The fact is grief comes, and it stays. If there are things you have to take care of, somehow God gives us a window where we can take care of them. She’s the sole breadwinner of the family and she’s GOT to stay in school. Better get that letter off to the school. The coming weeks and months, are what will be hard. Poor woman.

Thanks for sharing your stories, td.

My mom was a police officer; my father in law is a paramedic. As you can imagine both have spent their share of time in hospital emergency rooms. According to both of them, when there is no evidence to hold up the process (unsure of identity, for example), death certificates are available pretty much as soon as the body goes to the morgue. Which happens fairly quickly.

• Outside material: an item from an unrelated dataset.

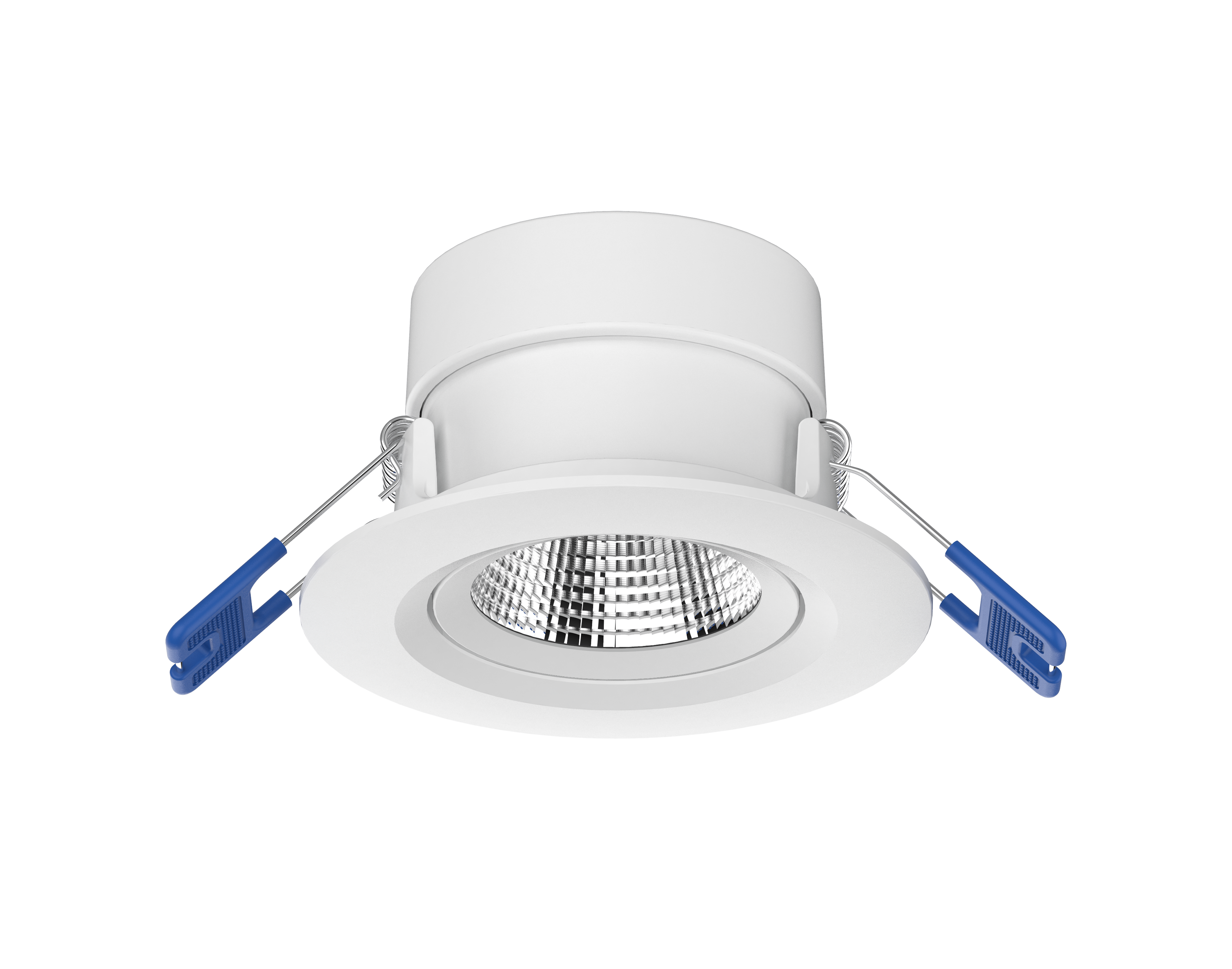 Faretto LED a incasso con angolo di inclinazione di 25?. Fascio luminoso ottimale garantito dal nuovo design del riflettore microsfaccettato. Flicker Free per illuminazione d'accento ottimale. Diametro del foro di montaggio universale di 68 mm. IP44 vanoapparecchio.

You assume that the shotgun blast splattered his skull. This is not necessarily (or even likely) the case, despite what you may have seen on TV. Unless the blast is contained – say, if he had the barrel in his mouth – it’s not likely to completely destroy the head to the point where dental record ID is necessary. I speak here based on my perusal of a police manual (circa 1972, I believe) which showed, among other things, the various effects a 12-gauge had on the human head. The only one where the head effectively disintegrated was the suicide where the man had placed the barrel in his mouth before pulling the trigger, and even that had a recognizable face. It just wasn’t attached to the head anymore, is all. The only shot I can think of that would result in no recognizable face would be from a foot or so away from the back of the skull, which is possible but hardly likely in a typical robbery scenario; you’re more likely to see a hit pattern to the face or side of the head, from a longer distance.

Could she be scamming? Sure. But I’d be inclined to believe her if she provided a D.C.